The Embassy Suites segment was the strongest performer, with RevPAR of $111, up 13% year over year. Pittet said the segment was helped by the company’s Tempe, Arizona, and Covington, Kentucky properties.

However, margins remained under pressure. Net operating income margin fell 426 basis points to 24.1% compared with 2025. Pittet said costs outpaced revenue, with increases in rooms, non-labor and undistributed expenses. Repairs and maintenance and utilities were particular pressure points, driven by costs tied to extreme weather events.

Capital Spending and April Trends

AHIP spent $1.3 million on property improvement plans and $1 million on furniture, fixtures and equipment in the quarter. Pittet said 80% of that capital was funded through restricted cash contributed by AHIP in prior periods, resulting in a net spend of $460,000 from AHIP’s treasury.

Property improvement spending focused on renovating the Fairfield Inn & Suites in South Hill, Virginia, which was substantially complete at the end of the first quarter. The company is also preparing for a planned second-quarter renovation of the Hampton Inn in Emporia, Virginia.

Preliminary April results for what the company described as the “AHIP 28” showed occupancy of 77%, ADR of $141 and RevPAR of $108, which was 3% above April 2025 RevPAR levels.

FFO Declines as Cash Balance Falls

Chief Financial Officer Travis Beatty said same-store revenue totaled $36.2 million in the first quarter, up 2.2% from the prior year. Normalized diluted funds from operations were negative $0.03 per unit, compared with negative $0.02 in the same period last year.
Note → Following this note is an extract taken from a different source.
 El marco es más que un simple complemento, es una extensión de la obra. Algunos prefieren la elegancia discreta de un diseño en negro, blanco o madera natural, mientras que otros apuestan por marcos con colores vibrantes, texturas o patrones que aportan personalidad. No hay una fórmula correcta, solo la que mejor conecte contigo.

Beatty also discussed AHIP’s April 17, 2026, settlement agreement with ONE Lodging Management, a subsidiary of Aimbridge Hospitality, and certain subsidiaries. He said the agreement resolved a previously disclosed dispute and achieved AHIP’s objectives of financial relief and a specific end date for Aimbridge’s management of AHIP’s portfolio. Under the settlement, AHIP made a one-time $2.3 million payment to settle a $6.2 million current liability related to deferred termination fees.

As of March 31, AHIP had unrestricted cash of $15.5 million, down from $36.4 million at Dec. 31, 2025. Beatty said the decrease was primarily due to the redemption of $25 million of the $50 million in outstanding Series C shares.
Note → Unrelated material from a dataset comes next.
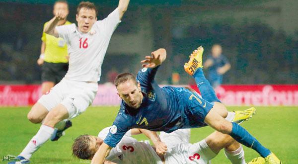 وحظيت فرنسا أيضا بليلة جيدة إذ وضعت حدا لغيابها عن التسجيل في خمس مباريات متتالية في فوزها 4-2 على روسيا البيضاء رغم أنه تعين عليها تحويل تأخرها مرتين قبل أن تنتصر بأهداف سمير نصري وبول بوجبا وثنائية من فرانك ريبري بينهما هدف من ركلة جزاء.
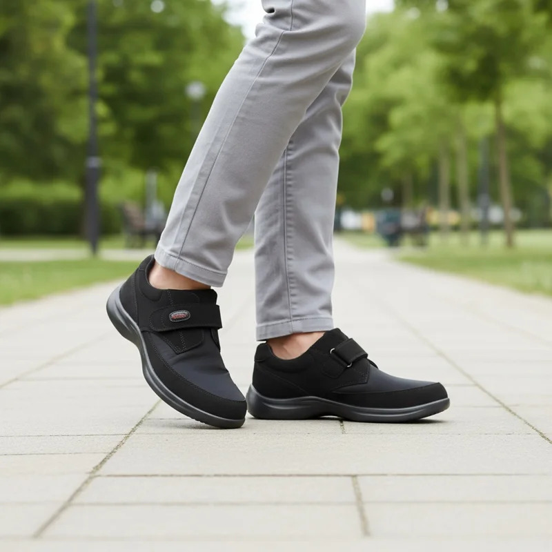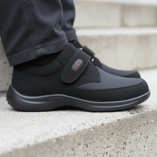 La chiusura a velcro consente di regolare e chiudere la calzatura con una sola mano, permettendo di alloggiare comodamente il piede edematoso, gonfio, bendato o che soffre di deformità causate da artrite reumatoide.

At quarter-end, AHIP had restricted cash of $22.9 million and another $13.1 million available under its portfolio loan for capital improvements tied to properties secured by the loan. Debt to gross book value was 50.1%, up 140 basis points from Dec. 31, while debt to EBITDA was 10.4 times, up 1.0 times from year-end.

Beatty said those changes reflected reduced unrestricted cash following the Series C redemption and the use of net proceeds from completed dispositions to reduce outstanding debt.
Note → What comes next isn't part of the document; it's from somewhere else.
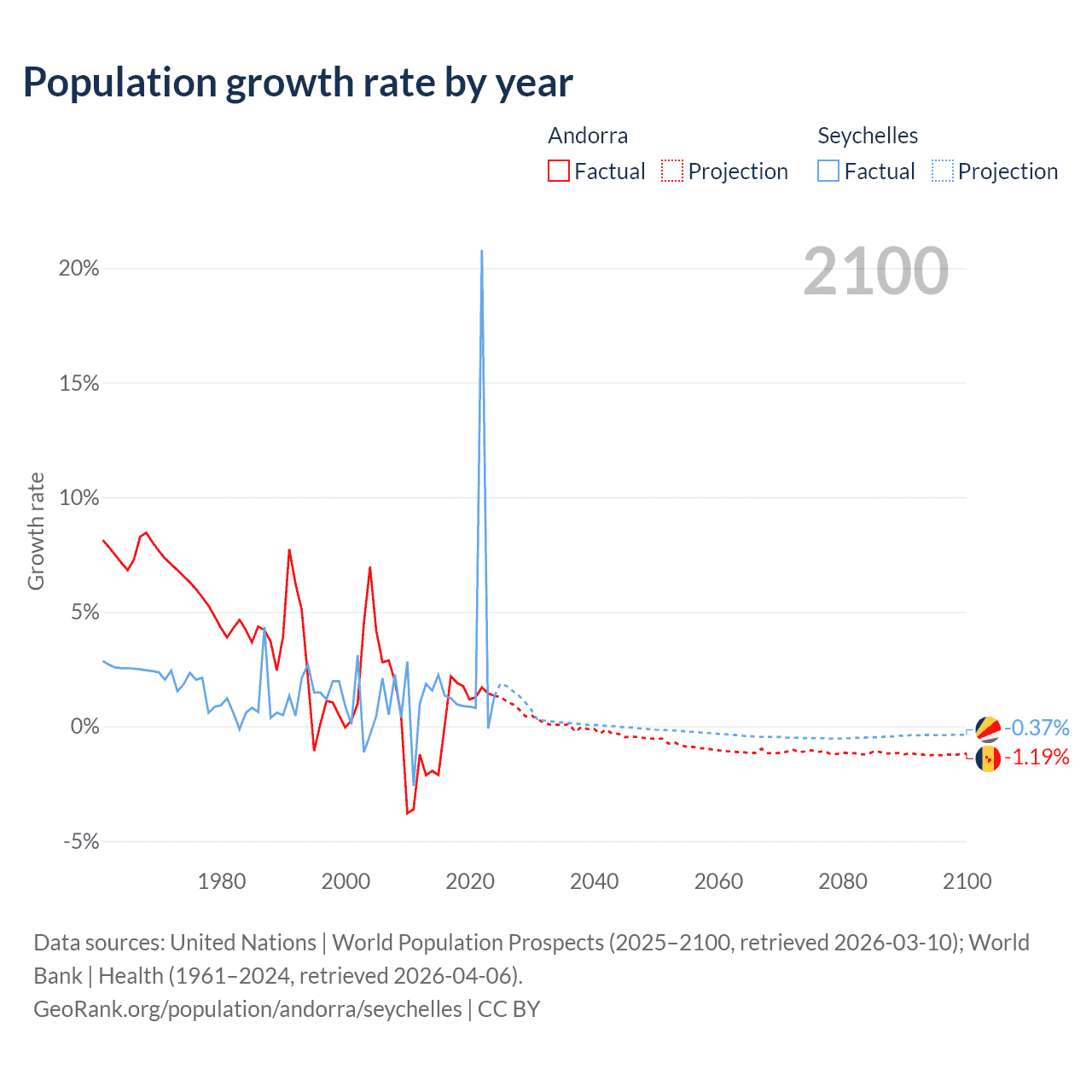 - For the last 10 years, Andorra has had an average growth rate of +0.79% per year vs +2.9% in the Seychelles.

About American Hotel Income Properties REIT (TSE:HOT.UN)

American Hotel Income Properties REIT LP is a trust that invests in hotel real estate properties. The company’s primary business is owning Premium Branded hotels, which have franchise agreements with international hotel brands including Marriott, Hilton, and IHG. It generates revenue from the room, food, beverage, and other revenue. The other revenue is comprised of conference room rentals, parking revenues, and other incidental income.